1. Visualization of interaction between MAPKKK5^K375M and MKK1/MKK2/MKK4/MKK5 by BiFC analysis in Arabidopsis protoplasts. Venus fluorescence indicates interaction. Scale bars = 10 μm.

2. MAPKKK5‐KD phosphorylates MKK4 and MKK5 in vitro. The in vitro phosphorylation reaction was carried out using [³²P]γ‐ATP, and the phosphorylated proteins were detected by autoradiography.
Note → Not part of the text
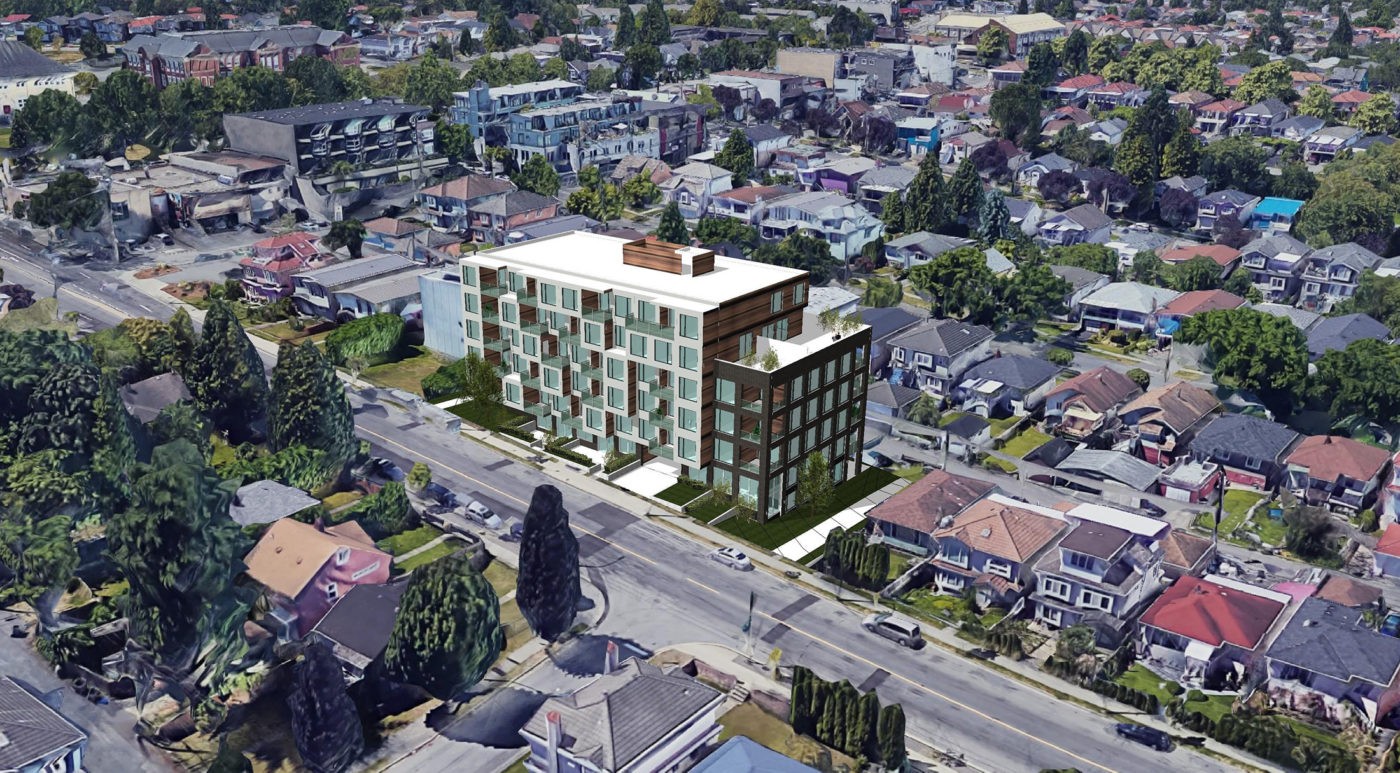 This 46-unit multifamily building in Vancouver’s Renfrew–Collingwood neighbourhood is designed with a strong emphasis on spatial efficiency, fabrication logic, and streamlined construction workflow. While not a modular project, the architectural strategy draws from modular principles — using repeatable unit layouts, rationalized façade systems, and coordinated building assemblies to improve constructability, reduce complexity, and support cost-effective delivery. The result is a contemporary residential project that brings clarity, efficiency, and design quality to a growing transit-oriented community.

3. MAPKKK5‐KD does not phosphorylate a T224A/S230A mutant of MKK4 or a T215A/S221A mutant of MKK5.

Data information: The above experiments were performed three times with similar results.

Figure EV5. MAPKKK5‐KD does not phosphorylate the activation loops of MKK1 and MKK2

1. MAPKKK5‐KD does not phosphorylate MKK1^K97R in vitro. The in vitro phosphorylation reaction was carried out using MBP‐fused MKK1 and MKK4, and the phosphorylated proteins were detected by autoradiography. MKK4K^108R was used as a positive control.

2. MAPKKK5‐KD weakly phosphorylates GST‐MKK2^K99R in in vitro phosphorylation assay

3. The T229A and S235A mutations of MKK2 did not reduce phosphorylation of MKK2^K99R.

Data information: The above experiments were performed three times with similar results.Source data are available online for this figure.